Gilbert: Every theatrical performance is a contrivance by its very nature.
Sullivan: Yes, but this piece consists entirely of an artificial and implausible situation.
Gilbert: If you wish to write a Grand Opera about a prostitute, dying of consumption in a garret, I suggest you contact Mr Ibsen in Oslo. I am sure he will be able to furnish you with something suitably dull.
Richard D'Oyly Carte: Well, I don't know about you, but speaking for myself, I could murder a pork chop.
Gilbert's Father: A father should not have to seek permission to visit his own son.
Gilbert: The son shouldn't be expected to be clairvoyant.
John D'Auban, Choregrapher: I haven't laughed so much since my tights caught fire in "Harlequin Meets Itchity Witch and the Snitch."
Fanny Ronalds: Lady Colin is irresistible.

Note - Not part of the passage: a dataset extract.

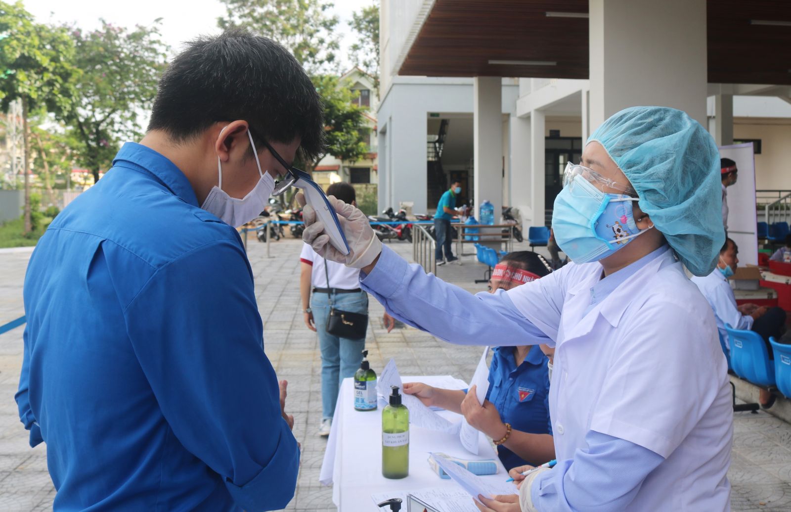 Đo thân nhiệt cho người tham gia hiến máu để đảm bảo phòng, chống dịch bệnh

She cannot conceive why the Irish are starving when there's lots of good fish in the sea.
Sullivan: She most probably has a point.
Fanny Ronalds: Oh, there's good news from Dublin.
Sullivan: Mm?
Fanny Ronalds: The Churchills are to return to London.
Sullivan: Forgiven, but not forgotten.
Fanny Ronalds: I do hope so. Jenny says Winston is eleven, covered in freckles, and has a total disdain for authority.
Gilbert: A terrible thing has just happened, Grossmith. You've become a cockney.
Gilbert: I don't quite know how to take praise. It makes my eye red.
Gilbert: Madam, I had rather spend an afternoon in a Turkish bath with my mother than visit the dratted dentist.
Gilbert: Can we do that line again please, Barrington, and this time try it in English.
Gilbert: I'm sure we shall reap the benefits of your remonstrations in the fullness of time.